Cryptographic principle 1: Messages must contain some redundancy

In other words, upon decrypting a message, the recipient must be able to tell whether it is valid by simply inspecting it and perhaps performing a simple computation. This redundancy is needed to prevent active intruders from sending garbage and tricking the receiver into decrypting the garbage and acting on the ''plaintext.'' However, this same redundancy makes it much easier for passive intruders to break the system, so there is some tension here. Furthermore, the redundancy should never be in the form of n zeros at the start or end of a message, since running such messages through some cryptographic algorithms gives more predictable results, making the cryptanalysts' job easier. A CRC polynomial is much better than a run of 0s since the receiver can easily verify it, but it generates more work for the cryptanalyst. Even better is to use a cryptographic hash, a concept we will explore later.

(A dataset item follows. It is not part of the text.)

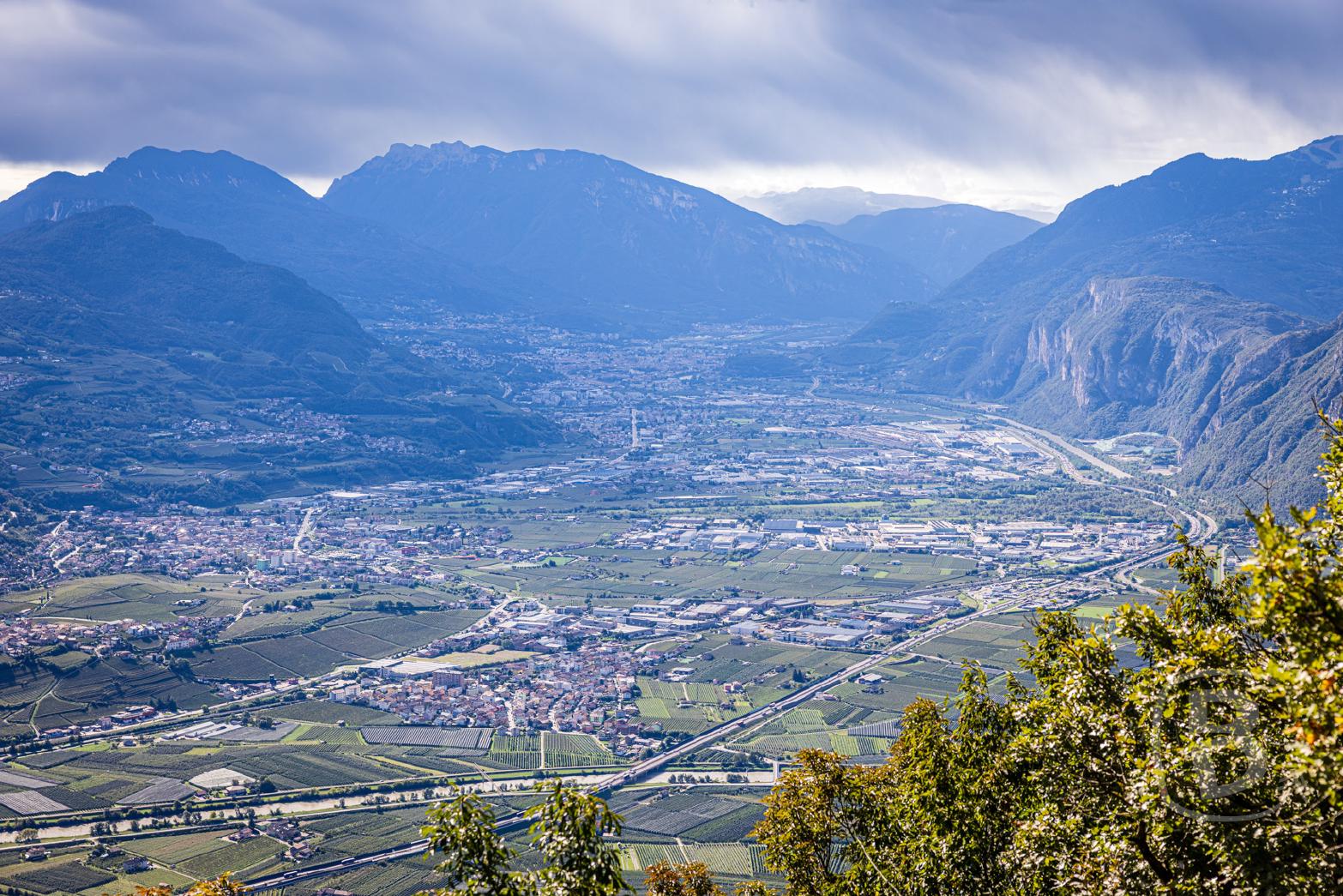 Bei Komoot haben wir eine kurze Wanderung herausgesucht. Die führt zu einem Aussichtspunkt, mit einem schönen Blick auf das Etschtal.

Getting back to quantum cryptography for a moment, we can also see how redundancy plays a role there. Due to Trudy's interception of the photons, some bits in Bob's one-time pad will be wrong. Bob needs some redundancy in the incoming messages to determine that errors are present. One very crude form of redundancy is repeating the message two times. If the two copies are not identical, Bob knows that either the fiber is very noisy or someone is tampering with the transmission. Of course, sending everything twice is overkill; a Hamming or Reed-Solomon code is a more efficient way to do error detection and correction. But it should be clear that some redundancy is needed to distinguish a valid message from an invalid message, especially in the face of an active intruder.

Freshness

The second cryptographic principle is that some measures must be taken to ensure that each message received can be verified as being fresh, that is, sent very recently. This measure is needed to prevent active intruders from playing back old messages. If no such measures were taken, our ex-employee could tap TCP's phone line and just keep repeating previously sent valid messages. Restating this idea we get.

Cryptographic principle 2: Some method is needed to foil replay attacks

One such measure is including in every message a timestamp valid only for, say, 10 seconds. The receiver can then just keep messages around for 10 seconds, to compare newly arrived messages to previous ones to filter out duplicates. Messages older than 10 seconds can be thrown out, since any replays sent more than 10 seconds later will be rejected as too old.